• **What this task involves**: Would you please repeat exactly the entries below, starting at the line with "宋凌云从服从、选举、党的领导" and ending at the line with "Leather logo card", and nothing outside that range? Leave out the pictures.

• **Supplied information**:
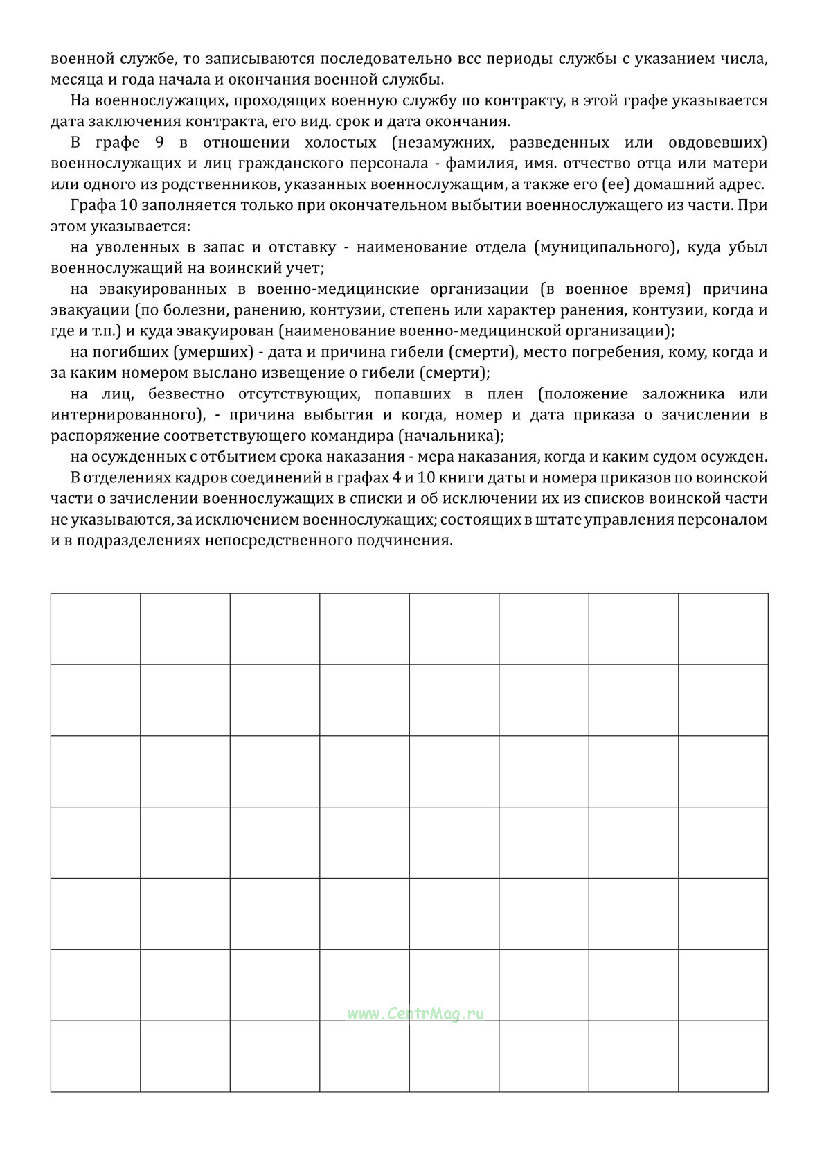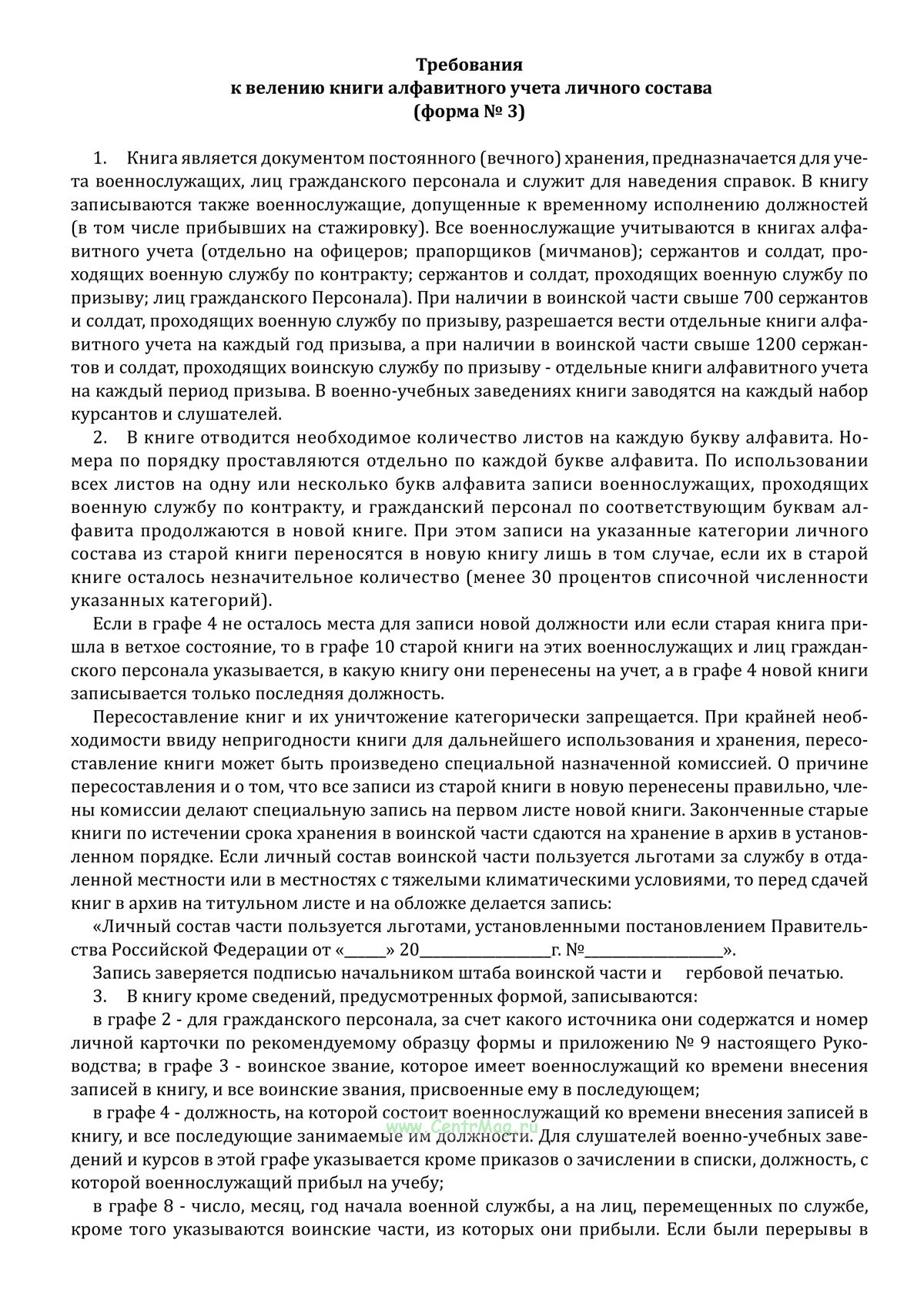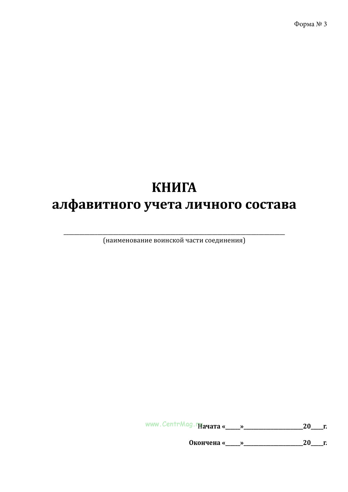 Книга является документом постоянного (вечного) хранения, предназначается для учета военнослужащих, лиц гражданского персонала и служит для наведения справок. В книгу записываются также военнослужащие, допущенные к временному исполнению должностей (в том числе прибывших на стажировку). Все военнослужащие учитываются в книгах алфавитного учета (отдельно на офицеров; прапорщиков (мичманов); сержантов и солдат, проходящих военную службу по контракту; сержантов и солдат, проходящих военную службу по призыву; лиц гражданского Персонала.
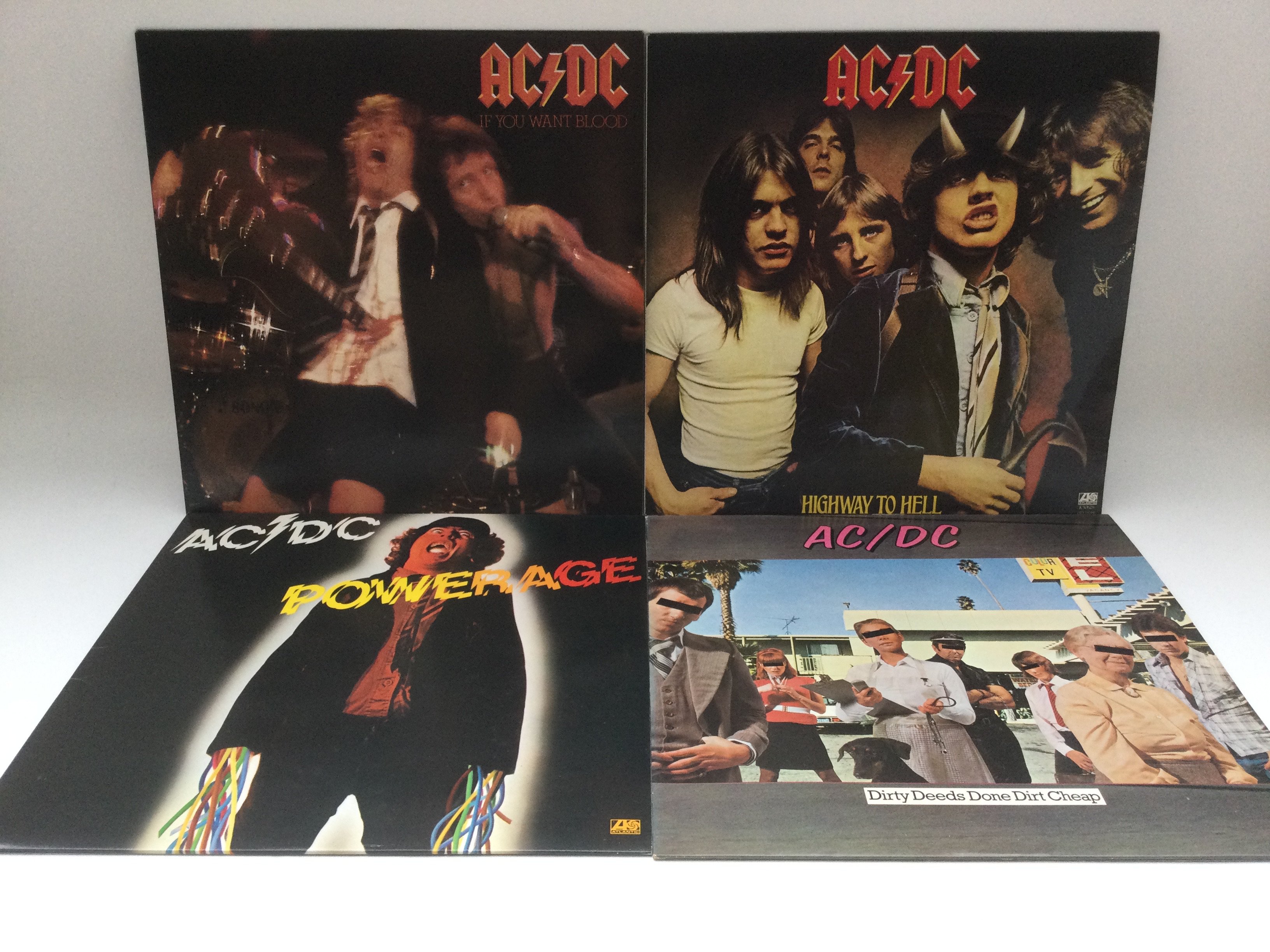 Four AC/DC LPs comprising 'Highway To Hell', 'Powerage', 'If You Want Blood' and 'Dirty Deeds Done Dirt Cheap'.
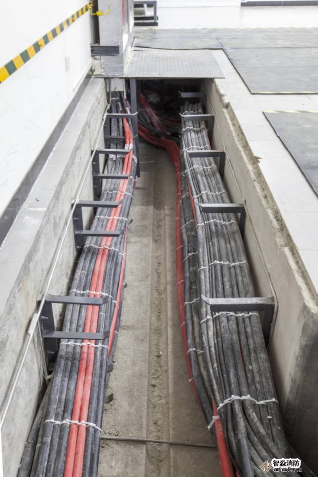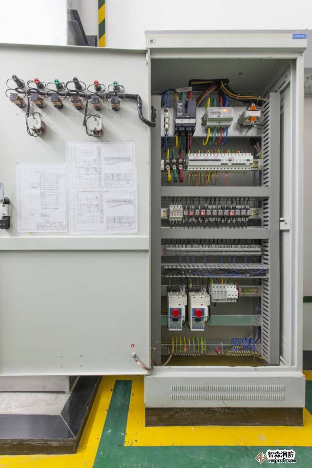 消防泵房?jī)?nèi)配電柜接地可靠,柜內(nèi)線纜排布有序,底部絕緣板絕緣,防火封堵到位。
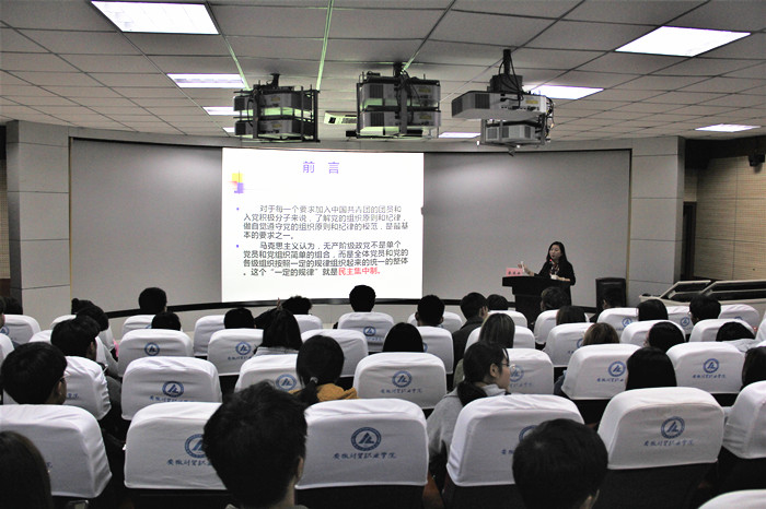宋凌云从服从、选举、党的领导机关、上下级、领导和分工、反对个人崇拜等关键词分析民主集中制的原则作用与特点优势,结合《人民的名义》,《永远在路上》等廉政教育影片生动形象的给同学们讲解了党的“八大纪律”。宋凌云指出, 中国共产主义青年团是党的助手和后备军,积极向团组织和党组织靠拢的优秀青年,应该先了解党的组织原则和纪律,做自觉遵守党的组织原则和纪律的模范。
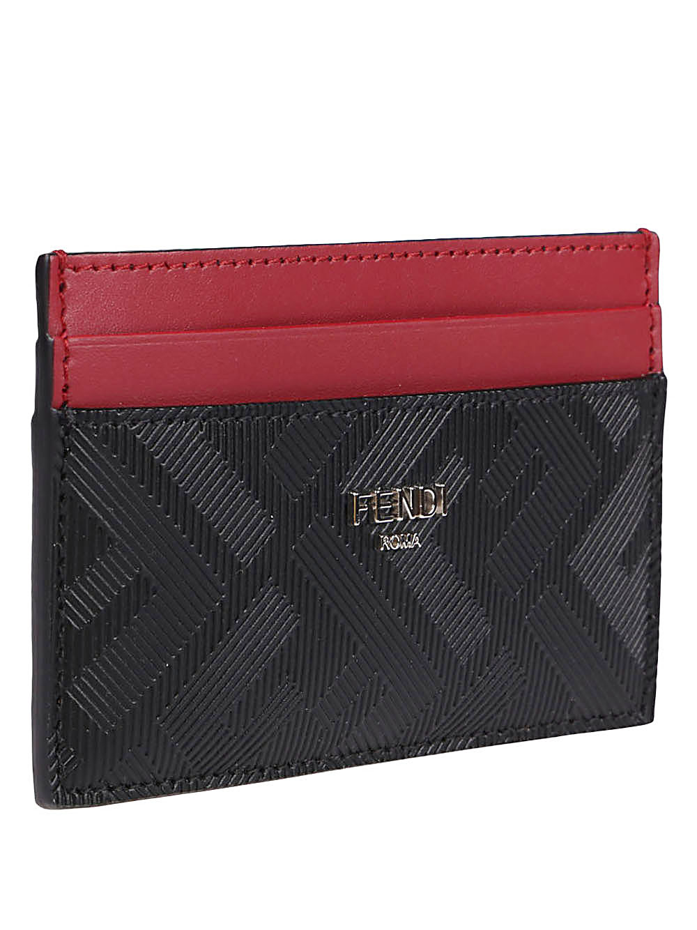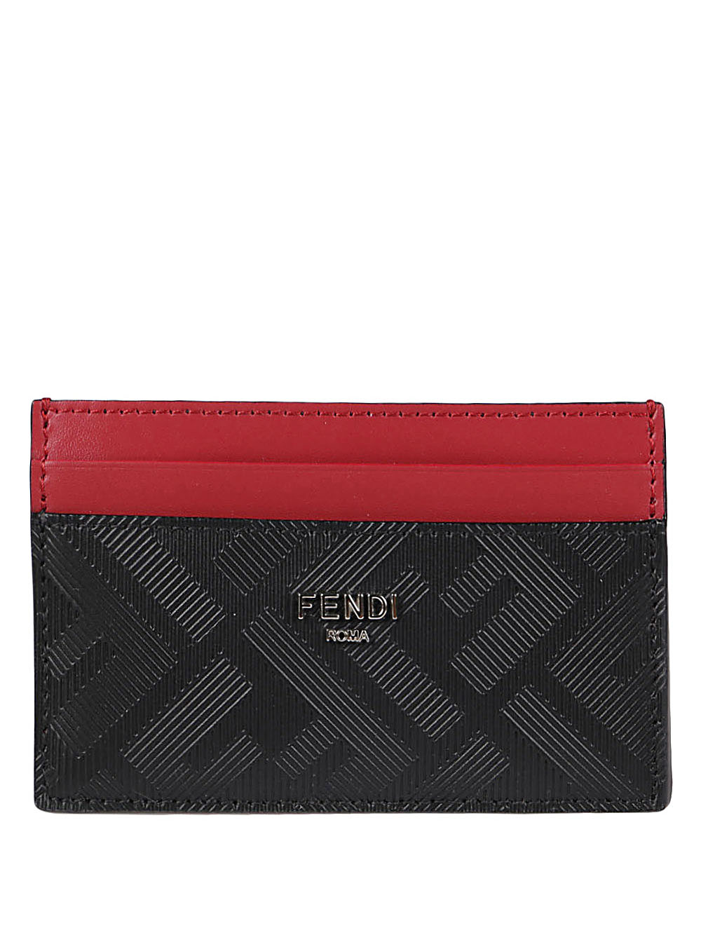 Leather logo card holder by FENDI featuring FF logo texture and logo on the front.
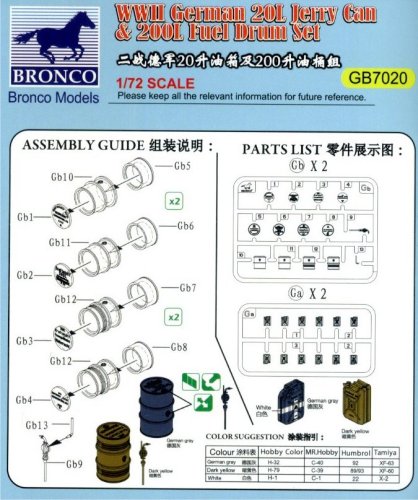 Conclusions Some 1/72 kits of WW2 German vehicles offer jerrycans and, in a very few cases, drums, and Esci (later Italeri) produced a set of WW2 accessories with drums, so this is not the first attempt at producing these fundamental elements, but this is the very first kit dedicated specifically to German ones, which happened to be rather different from those used by other countries during WW2: evidence suggests that this set reproduces the original ones in an extremely accurate way, so this is a very welcome set which I hope will not be the first and last one from Bronco Models in 1/72. |

• **Solution for this problem**:
宋凌云从服从、选举、党的领导机关、上下级、领导和分工、反对个人崇拜等关键词分析民主集中制的原则作用与特点优势,结合《人民的名义》,《永远在路上》等廉政教育影片生动形象的给同学们讲解了党的“八大纪律”。宋凌云指出, 中国共产主义青年团是党的助手和后备军,积极向团组织和党组织靠拢的优秀青年,应该先了解党的组织原则和纪律,做自觉遵守党的组织原则和纪律的模范。
 Leather logo card holder by FENDI featuring FF logo texture and logo on the front.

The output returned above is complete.